What the task asks:
Starting at the first line of the listing below, repeat each line exactly until the line containing "Luego se desplegará", which you include. Leave out pictures.

Data provided:
>>>>
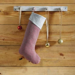 VHC Brands 20 In. Cotton And Jute Red Dolly Star Primitive Christmas Decor Pocket Stocking
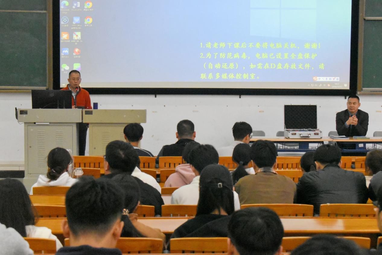 宣讲伊始,东莞市泓晟橡胶制品有限公司董事长陈金文向同学们介绍了公司的基本情况、企业文化以及自己创办公司的心路历程。陈金文在交流中表明自己也是一名工程师,他以自身的职业经历和感悟为切入点,详细讲述了为何要招聘汽车工程学院的人才。他认为,汽车工程学院的学生们经过系统的学习和实践训练,具备扎实的理论基础、精湛的专业技能和创新的思维能力,能够快速适应企业的工作需求,为企业的发展注入新的活力。
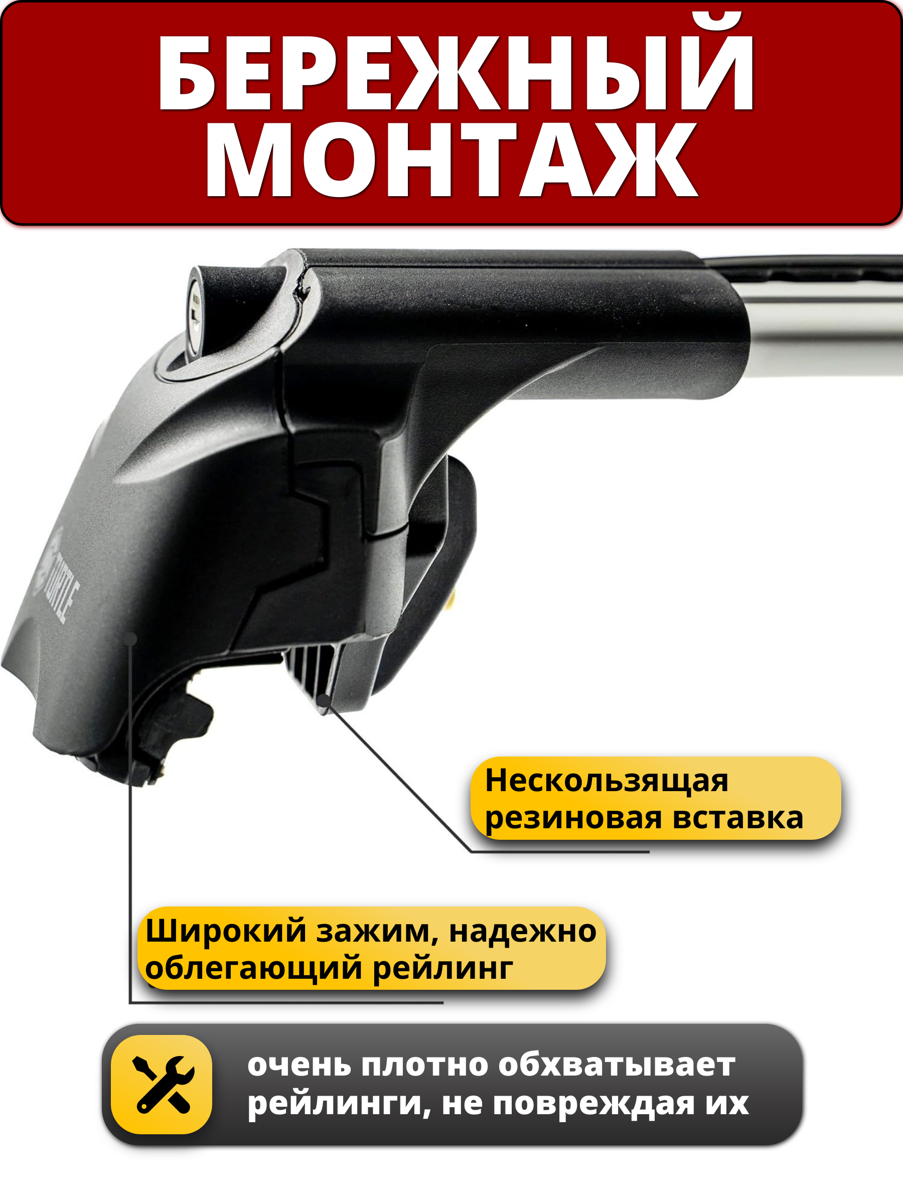 Конструкция багажника Turtle AIR 2 устроена так, что все места соприкосновения поперечины и рейлинга покрыты резиновыми вставками.
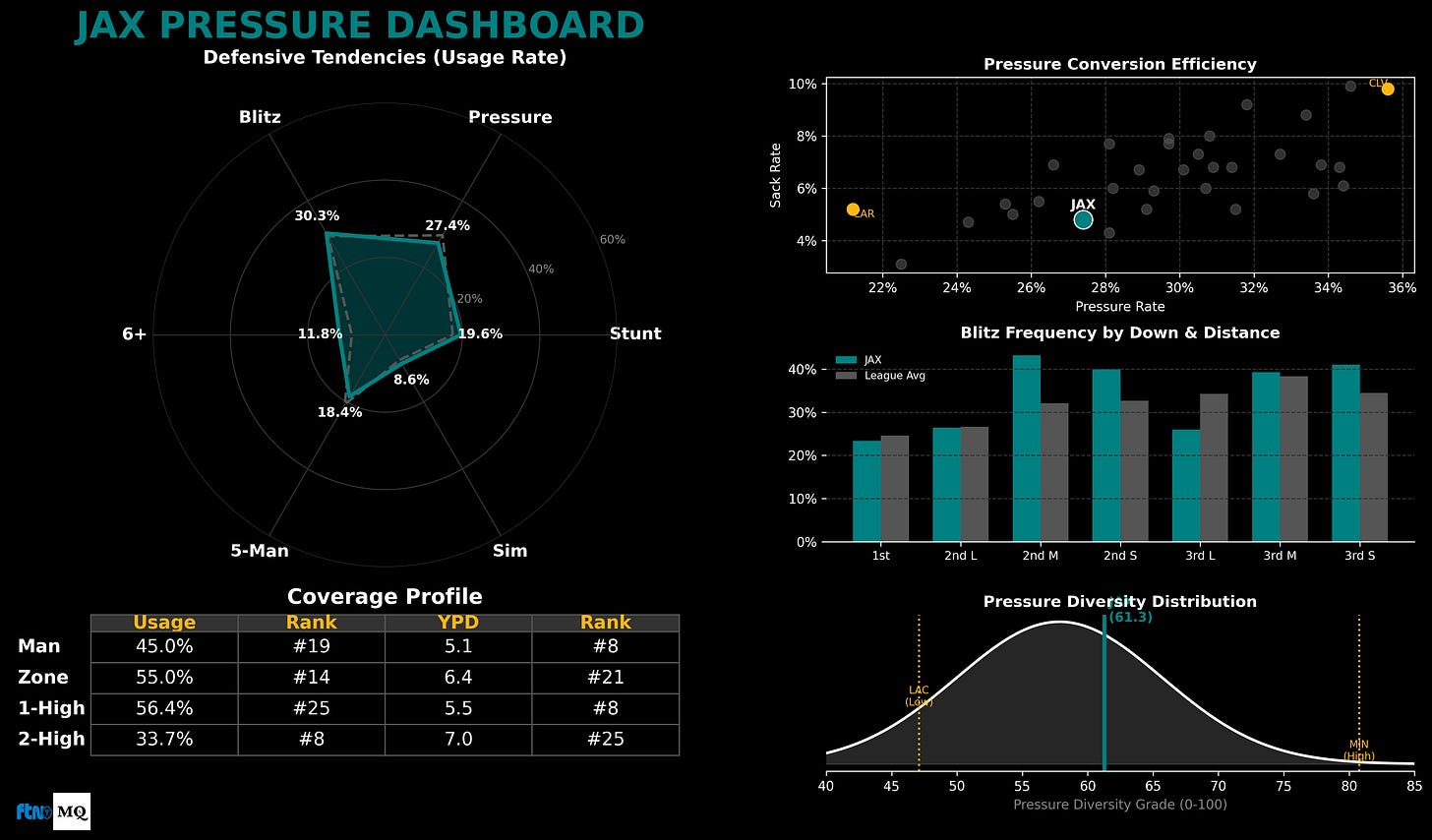 If one trait defines this Jaguars defense, it is their statistical coin flip in coverage usage behind blitzes. Typically, coordinators will have a “tell.” For instance, in 2025, Fangio is using man coverage behind his pressures at a 67% clip, with a closed-post coverage on ~75% of his calls. Flores, on the other hand, is the league leader in zone pressure (~80%) and has the highest split-field coverage rate behind it (56%).
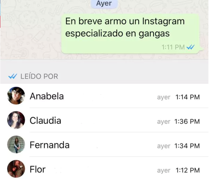 Luego se desplegará el nombre de nuestros contactos que han leído el mismo.
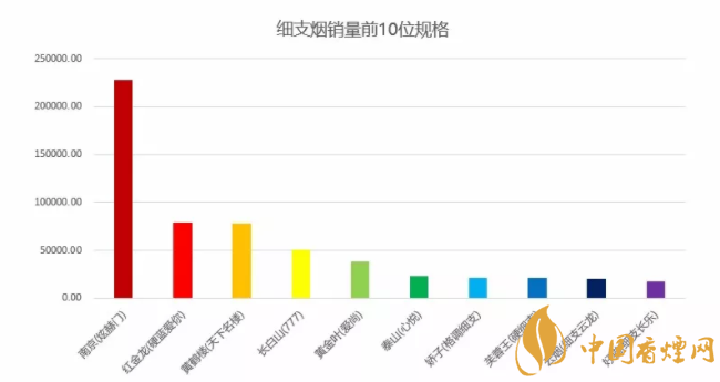 2、如圖所示2018細(xì)支煙排行榜(規(guī)格銷量)圖:在2018第一季度中國細(xì)煙排行中1-3月細(xì)支煙銷量前10規(guī)格:第一名南京(炫赫門)/第二名紅金龍(硬藍(lán)愛你)/第三名黃鶴樓(天下名樓)/第四名:長白山(777)/第五名:黃金葉(愛尚)/第六名:泰山(心悅)/第七名:嬌子(格調(diào)細(xì))/第八名:芙蓉王(硬細(xì)支)/第九名:云煙(細(xì)支云龍)/第十名:好貓(細(xì)支長樂)
<<<<
Solution:
 VHC Brands 20 In. Cotton And Jute Red Dolly Star Primitive Christmas Decor Pocket Stocking
 宣讲伊始,东莞市泓晟橡胶制品有限公司董事长陈金文向同学们介绍了公司的基本情况、企业文化以及自己创办公司的心路历程。陈金文在交流中表明自己也是一名工程师,他以自身的职业经历和感悟为切入点,详细讲述了为何要招聘汽车工程学院的人才。他认为,汽车工程学院的学生们经过系统的学习和实践训练,具备扎实的理论基础、精湛的专业技能和创新的思维能力,能够快速适应企业的工作需求,为企业的发展注入新的活力。
 Конструкция багажника Turtle AIR 2 устроена так, что все места соприкосновения поперечины и рейлинга покрыты резиновыми вставками.
 If one trait defines this Jaguars defense, it is their statistical coin flip in coverage usage behind blitzes. Typically, coordinators will have a “tell.” For instance, in 2025, Fangio is using man coverage behind his pressures at a 67% clip, with a closed-post coverage on ~75% of his calls. Flores, on the other hand, is the league leader in zone pressure (~80%) and has the highest split-field coverage rate behind it (56%).
 Luego se desplegará el nombre de nuestros contactos que han leído el mismo.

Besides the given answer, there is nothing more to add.